*** COLLECTED DATA

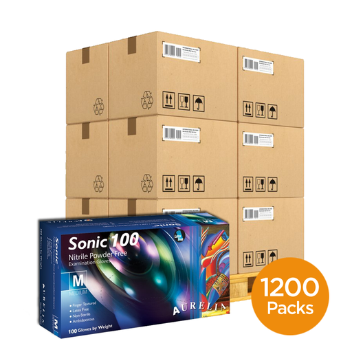 This is a pallet deal of 1200 Packs of Gloves (120 Cases) Aurelia Sonic 100 is a high-quality super thin Cobalt Blue/ Purple Nitrile examination gl...
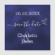 A Save the Date magnet for your wedding guests. A navy blue background, white text. The blue colour is uneven. Decorated with a small heart. Personalize and add your names and wedding date.
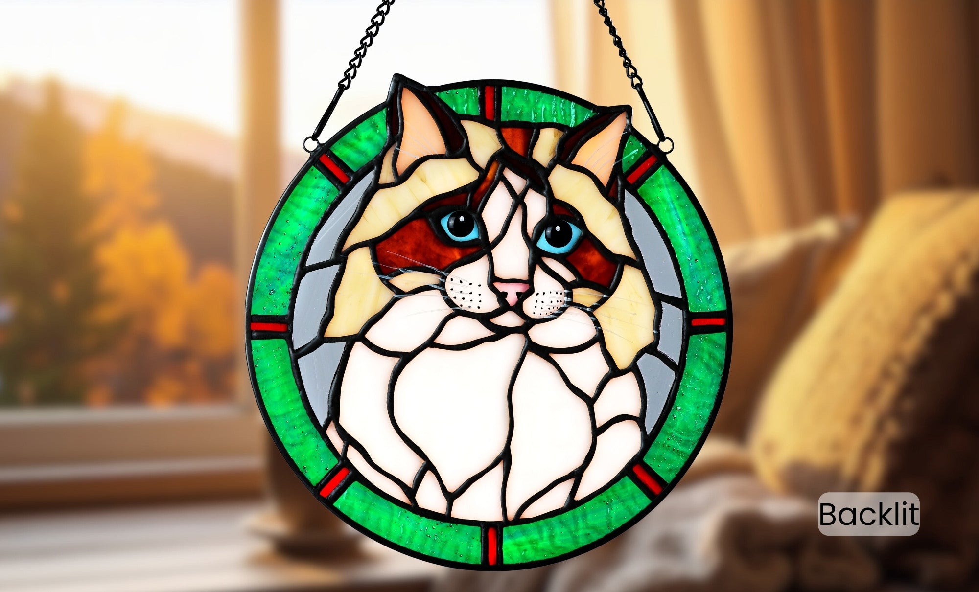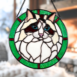 Cuddle&Shine Custom Stained Glass Pet Portraits Cat - Round Frame

******

PROBLEM TO SOLVE.
From the first line to the last, return the material above exactly, apart from the pictures.

EXPECTED ANSWER.
 This is a pallet deal of 1200 Packs of Gloves (120 Cases) Aurelia Sonic 100 is a high-quality super thin Cobalt Blue/ Purple Nitrile examination gl...
 A Save the Date magnet for your wedding guests. A navy blue background, white text. The blue colour is uneven. Decorated with a small heart. Personalize and add your names and wedding date.
 Cuddle&Shine Custom Stained Glass Pet Portraits Cat - Round Frame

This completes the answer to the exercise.